MATERIALS PROVIDED:
+ + + +

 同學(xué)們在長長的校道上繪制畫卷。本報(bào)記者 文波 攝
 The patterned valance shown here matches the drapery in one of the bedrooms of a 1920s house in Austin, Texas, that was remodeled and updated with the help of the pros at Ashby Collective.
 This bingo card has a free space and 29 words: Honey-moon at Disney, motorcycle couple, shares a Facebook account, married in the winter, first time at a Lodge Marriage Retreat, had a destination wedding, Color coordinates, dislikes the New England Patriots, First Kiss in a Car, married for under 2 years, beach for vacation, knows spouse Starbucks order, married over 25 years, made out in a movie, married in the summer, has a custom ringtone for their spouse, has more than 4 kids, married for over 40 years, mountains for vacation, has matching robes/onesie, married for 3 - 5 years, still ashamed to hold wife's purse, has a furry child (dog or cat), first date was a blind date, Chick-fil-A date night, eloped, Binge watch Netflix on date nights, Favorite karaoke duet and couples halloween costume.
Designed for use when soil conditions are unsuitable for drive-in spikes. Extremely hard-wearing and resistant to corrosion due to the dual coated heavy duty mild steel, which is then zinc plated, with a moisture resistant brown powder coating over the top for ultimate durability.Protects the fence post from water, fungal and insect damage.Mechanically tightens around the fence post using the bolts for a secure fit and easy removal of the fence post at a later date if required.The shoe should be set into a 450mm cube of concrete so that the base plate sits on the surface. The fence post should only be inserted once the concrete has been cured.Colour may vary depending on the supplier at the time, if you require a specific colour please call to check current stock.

+ + + +

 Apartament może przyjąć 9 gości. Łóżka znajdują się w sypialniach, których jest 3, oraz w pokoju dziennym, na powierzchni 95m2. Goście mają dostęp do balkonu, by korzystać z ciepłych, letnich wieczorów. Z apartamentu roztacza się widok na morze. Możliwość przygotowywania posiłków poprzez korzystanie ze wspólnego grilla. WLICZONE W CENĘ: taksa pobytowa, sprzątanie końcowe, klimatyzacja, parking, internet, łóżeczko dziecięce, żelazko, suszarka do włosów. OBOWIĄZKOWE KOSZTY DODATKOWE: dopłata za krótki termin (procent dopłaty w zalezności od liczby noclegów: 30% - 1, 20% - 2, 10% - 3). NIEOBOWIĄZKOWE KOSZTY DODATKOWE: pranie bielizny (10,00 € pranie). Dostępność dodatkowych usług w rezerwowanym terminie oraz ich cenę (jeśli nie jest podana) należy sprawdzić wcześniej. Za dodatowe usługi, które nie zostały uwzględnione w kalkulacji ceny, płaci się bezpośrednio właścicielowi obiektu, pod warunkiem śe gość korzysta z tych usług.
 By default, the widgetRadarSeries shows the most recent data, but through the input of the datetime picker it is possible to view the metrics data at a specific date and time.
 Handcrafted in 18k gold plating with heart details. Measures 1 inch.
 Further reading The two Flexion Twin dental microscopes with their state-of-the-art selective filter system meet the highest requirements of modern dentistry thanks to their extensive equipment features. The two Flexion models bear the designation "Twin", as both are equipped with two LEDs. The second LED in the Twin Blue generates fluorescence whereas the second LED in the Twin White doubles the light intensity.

+ + + +

TASK INSTRUCTIONS: Would you copy, unchanged, the stretch of the records above that begins at the line containing "By default, the" and ends at the line containing "Handcrafted in 18k", and only that?

SOLUTION TO THE EXERCISE:
 By default, the widgetRadarSeries shows the most recent data, but through the input of the datetime picker it is possible to view the metrics data at a specific date and time.
 Handcrafted in 18k gold plating with heart details. Measures 1 inch.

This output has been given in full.